Below are several entries. Transcribe exactly those lines that fall from the one with "Sweden. Facit 10" through the one with "En fin d'hiver", end lines included.

* **MATERIAL PROVIDED**
================================

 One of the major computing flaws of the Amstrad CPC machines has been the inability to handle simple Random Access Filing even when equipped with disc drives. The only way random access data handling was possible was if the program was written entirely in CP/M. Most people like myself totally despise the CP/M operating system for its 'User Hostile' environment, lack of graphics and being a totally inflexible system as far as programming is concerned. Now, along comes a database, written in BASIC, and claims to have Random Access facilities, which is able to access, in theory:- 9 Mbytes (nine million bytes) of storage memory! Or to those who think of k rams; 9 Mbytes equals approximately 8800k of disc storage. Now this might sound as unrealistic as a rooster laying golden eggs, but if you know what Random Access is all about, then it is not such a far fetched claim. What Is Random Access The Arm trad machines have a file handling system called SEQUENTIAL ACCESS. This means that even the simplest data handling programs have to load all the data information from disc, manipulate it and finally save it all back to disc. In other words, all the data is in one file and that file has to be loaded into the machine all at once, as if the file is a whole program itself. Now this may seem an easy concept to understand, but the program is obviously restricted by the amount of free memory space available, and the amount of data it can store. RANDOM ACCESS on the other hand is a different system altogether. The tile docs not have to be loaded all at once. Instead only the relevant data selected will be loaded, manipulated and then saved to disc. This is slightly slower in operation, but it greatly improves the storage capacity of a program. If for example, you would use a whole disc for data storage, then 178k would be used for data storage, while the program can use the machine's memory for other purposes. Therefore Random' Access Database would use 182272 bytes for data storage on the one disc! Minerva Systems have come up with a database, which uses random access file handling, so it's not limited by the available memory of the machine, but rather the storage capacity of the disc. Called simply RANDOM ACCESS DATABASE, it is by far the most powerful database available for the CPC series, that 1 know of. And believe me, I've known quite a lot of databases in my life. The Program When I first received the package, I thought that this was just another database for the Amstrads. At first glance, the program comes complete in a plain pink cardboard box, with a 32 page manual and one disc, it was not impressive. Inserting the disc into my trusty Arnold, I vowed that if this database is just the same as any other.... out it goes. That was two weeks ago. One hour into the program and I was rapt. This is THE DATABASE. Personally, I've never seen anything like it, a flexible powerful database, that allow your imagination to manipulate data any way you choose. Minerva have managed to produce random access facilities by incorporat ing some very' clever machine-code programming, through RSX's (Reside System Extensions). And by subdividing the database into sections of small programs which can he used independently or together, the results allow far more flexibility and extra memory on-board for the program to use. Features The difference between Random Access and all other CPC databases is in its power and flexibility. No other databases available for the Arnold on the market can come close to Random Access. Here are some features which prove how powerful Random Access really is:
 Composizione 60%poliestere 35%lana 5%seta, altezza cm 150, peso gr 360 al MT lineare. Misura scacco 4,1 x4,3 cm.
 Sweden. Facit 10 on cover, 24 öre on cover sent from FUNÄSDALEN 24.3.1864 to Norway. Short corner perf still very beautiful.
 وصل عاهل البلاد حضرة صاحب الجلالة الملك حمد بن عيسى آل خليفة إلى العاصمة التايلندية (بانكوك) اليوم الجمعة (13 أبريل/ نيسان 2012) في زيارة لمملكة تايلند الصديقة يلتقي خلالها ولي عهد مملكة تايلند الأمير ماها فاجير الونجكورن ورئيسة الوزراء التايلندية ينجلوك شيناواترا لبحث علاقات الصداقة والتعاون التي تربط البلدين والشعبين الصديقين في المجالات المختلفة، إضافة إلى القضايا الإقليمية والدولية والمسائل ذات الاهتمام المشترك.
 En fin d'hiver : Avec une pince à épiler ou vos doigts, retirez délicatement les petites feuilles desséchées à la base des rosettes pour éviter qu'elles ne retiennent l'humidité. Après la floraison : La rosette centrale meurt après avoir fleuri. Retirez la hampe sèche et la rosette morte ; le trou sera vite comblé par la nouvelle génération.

================================

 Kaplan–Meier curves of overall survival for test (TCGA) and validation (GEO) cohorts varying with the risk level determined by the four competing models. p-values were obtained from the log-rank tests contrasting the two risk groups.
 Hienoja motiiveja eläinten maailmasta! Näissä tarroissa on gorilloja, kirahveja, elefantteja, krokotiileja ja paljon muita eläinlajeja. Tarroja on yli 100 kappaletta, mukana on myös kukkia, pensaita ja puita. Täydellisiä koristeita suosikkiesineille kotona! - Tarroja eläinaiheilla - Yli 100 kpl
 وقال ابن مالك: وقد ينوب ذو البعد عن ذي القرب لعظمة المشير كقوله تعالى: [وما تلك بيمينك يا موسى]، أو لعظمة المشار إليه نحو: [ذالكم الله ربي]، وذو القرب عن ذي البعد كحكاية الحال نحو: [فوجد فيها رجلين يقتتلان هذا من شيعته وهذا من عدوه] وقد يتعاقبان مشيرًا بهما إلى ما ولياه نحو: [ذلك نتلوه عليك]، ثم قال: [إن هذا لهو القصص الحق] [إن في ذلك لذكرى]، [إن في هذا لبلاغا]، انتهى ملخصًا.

================================

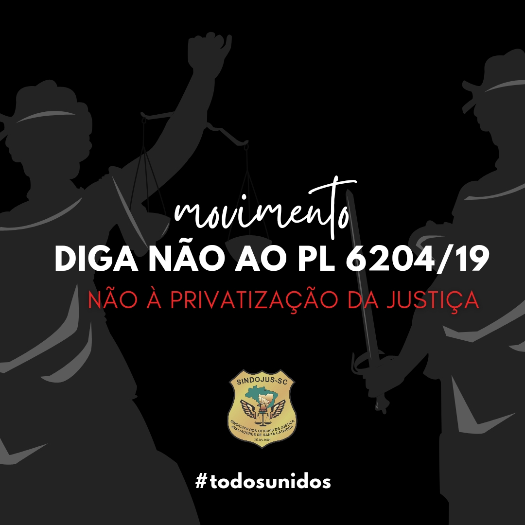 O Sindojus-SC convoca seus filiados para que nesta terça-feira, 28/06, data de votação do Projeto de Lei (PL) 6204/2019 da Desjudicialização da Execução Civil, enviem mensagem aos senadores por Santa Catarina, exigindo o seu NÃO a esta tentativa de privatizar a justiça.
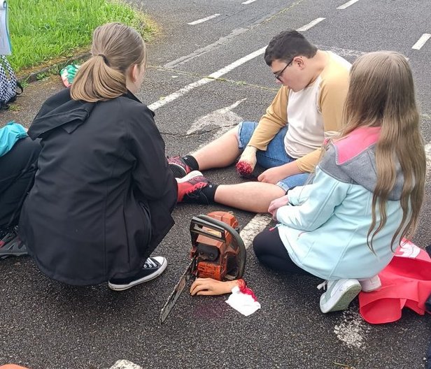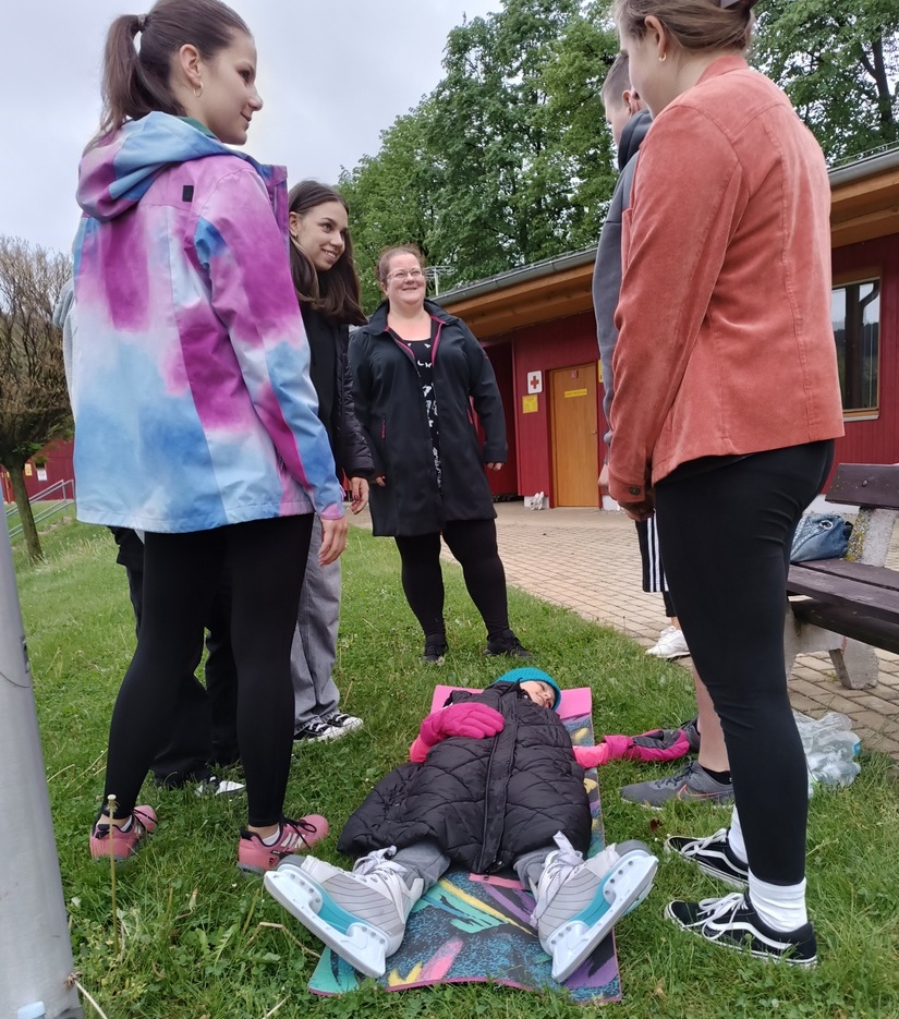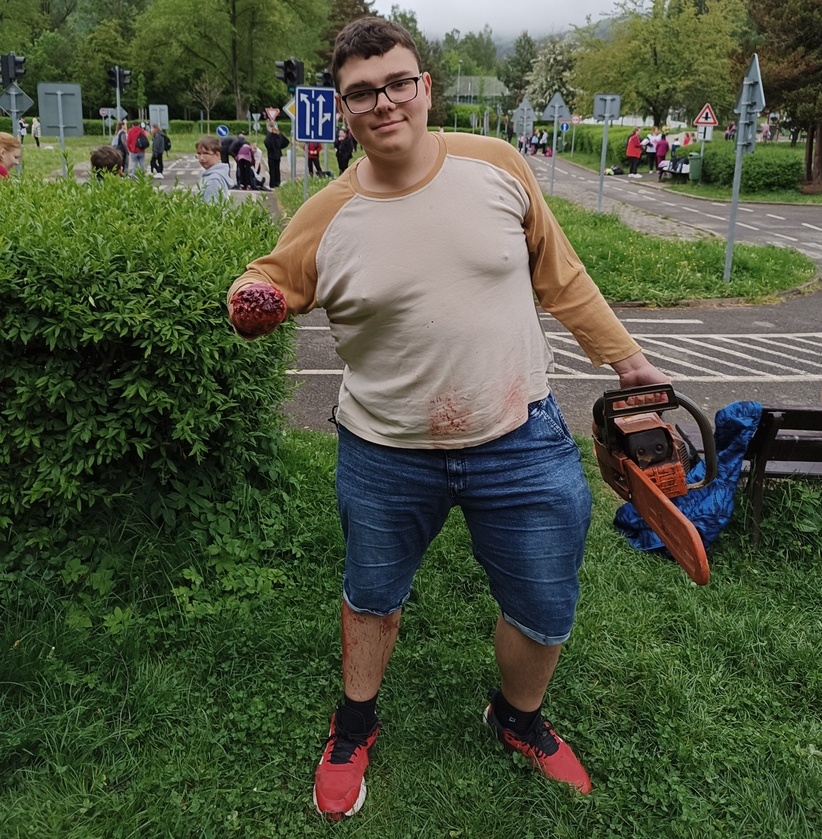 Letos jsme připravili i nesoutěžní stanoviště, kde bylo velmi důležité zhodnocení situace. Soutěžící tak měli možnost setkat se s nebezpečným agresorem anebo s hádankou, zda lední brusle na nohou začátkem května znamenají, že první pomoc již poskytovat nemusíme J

================================

* **EXERCISE SOLUTION**
 Sweden. Facit 10 on cover, 24 öre on cover sent from FUNÄSDALEN 24.3.1864 to Norway. Short corner perf still very beautiful.
 وصل عاهل البلاد حضرة صاحب الجلالة الملك حمد بن عيسى آل خليفة إلى العاصمة التايلندية (بانكوك) اليوم الجمعة (13 أبريل/ نيسان 2012) في زيارة لمملكة تايلند الصديقة يلتقي خلالها ولي عهد مملكة تايلند الأمير ماها فاجير الونجكورن ورئيسة الوزراء التايلندية ينجلوك شيناواترا لبحث علاقات الصداقة والتعاون التي تربط البلدين والشعبين الصديقين في المجالات المختلفة، إضافة إلى القضايا الإقليمية والدولية والمسائل ذات الاهتمام المشترك.
 En fin d'hiver : Avec une pince à épiler ou vos doigts, retirez délicatement les petites feuilles desséchées à la base des rosettes pour éviter qu'elles ne retiennent l'humidité. Après la floraison : La rosette centrale meurt après avoir fleuri. Retirez la hampe sèche et la rosette morte ; le trou sera vite comblé par la nouvelle génération.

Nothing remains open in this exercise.